- Opening Delimiter -
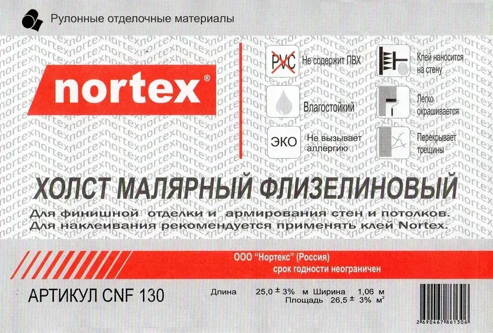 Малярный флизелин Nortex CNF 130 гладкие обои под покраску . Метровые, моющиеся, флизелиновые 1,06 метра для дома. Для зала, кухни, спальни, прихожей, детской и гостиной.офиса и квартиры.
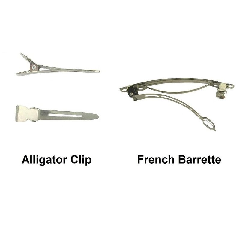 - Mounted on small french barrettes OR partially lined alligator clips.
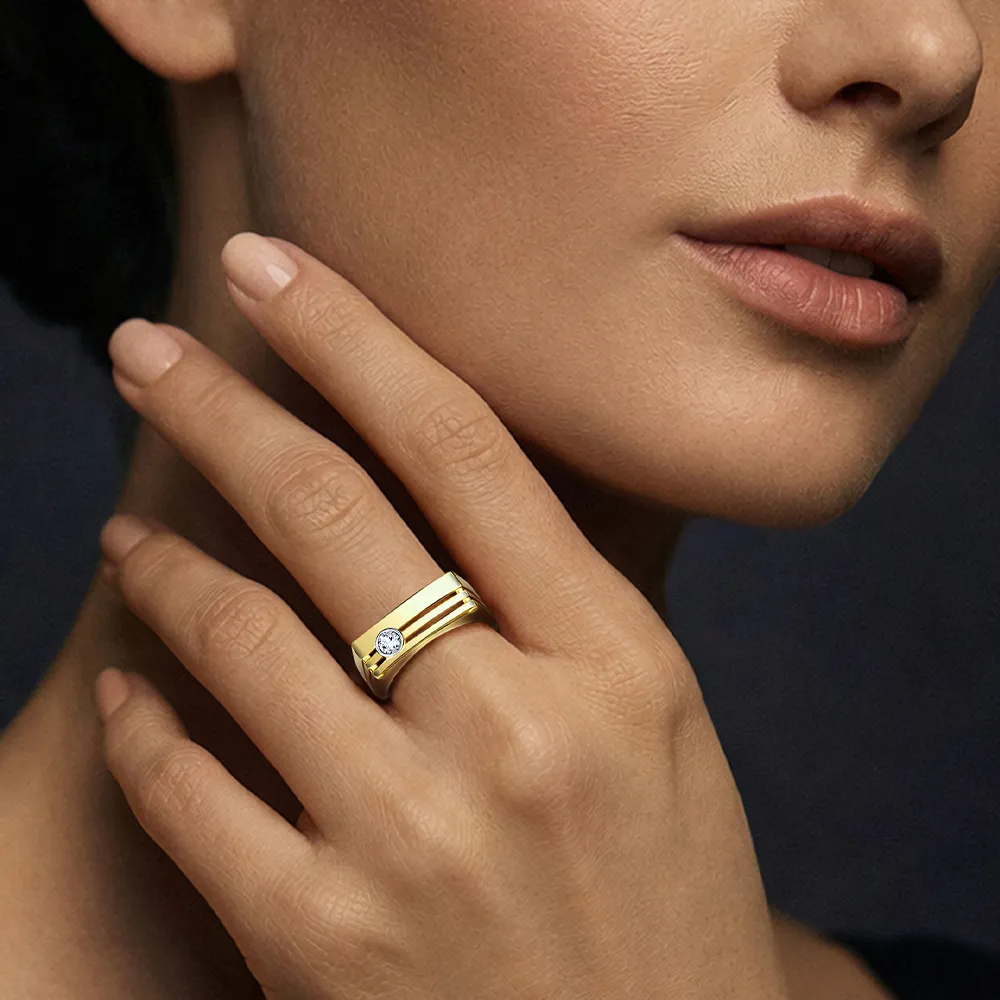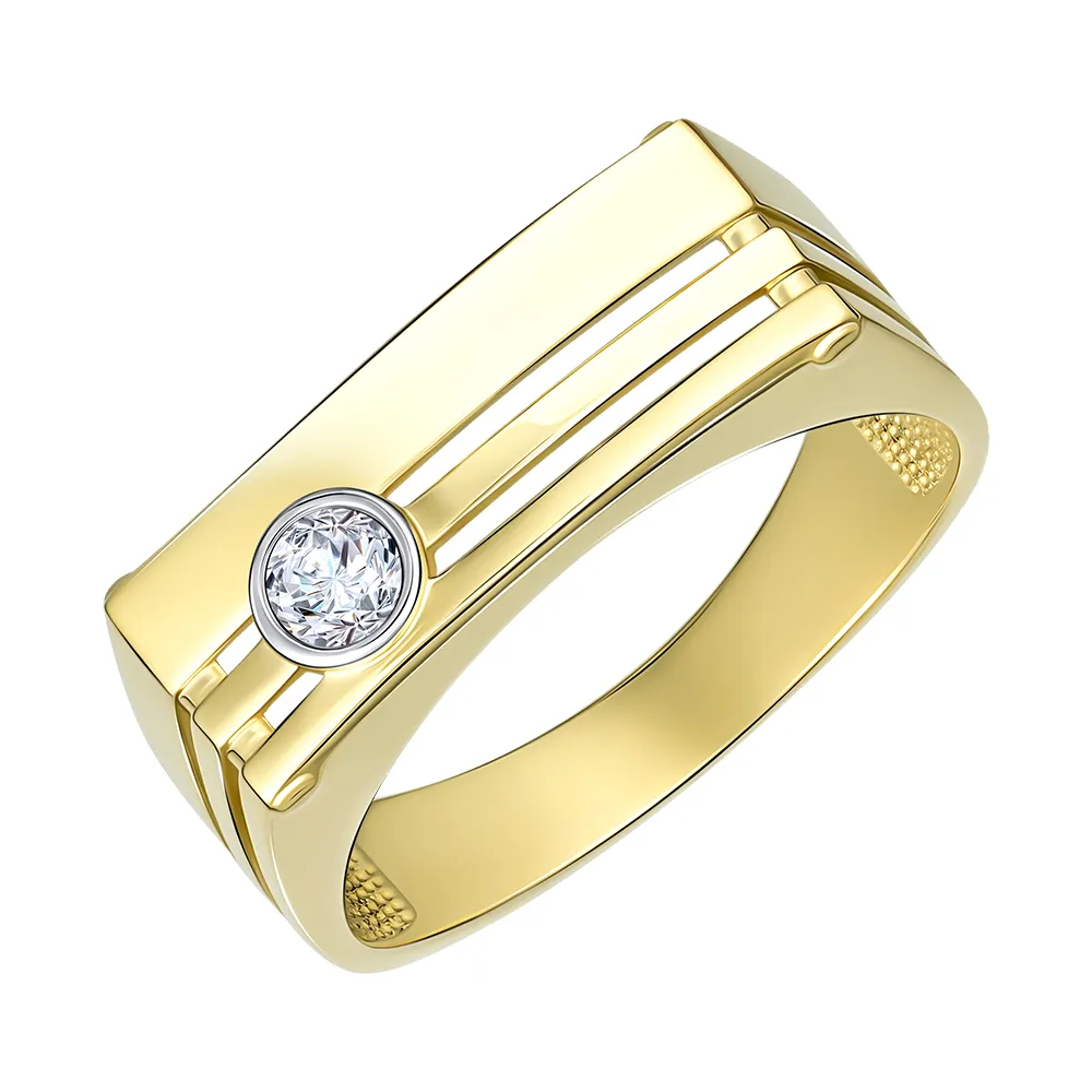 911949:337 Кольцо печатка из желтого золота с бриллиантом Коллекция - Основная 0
- Closing Delimiter -
## EXERCISE BRIEF:
Print only the lines running from the line that contains "- Mounted on" to the final line of the listing, both included. Omit every picture.

## TASK OUTPUT:
 - Mounted on small french barrettes OR partially lined alligator clips.
 911949:337 Кольцо печатка из желтого золота с бриллиантом Коллекция - Основная 0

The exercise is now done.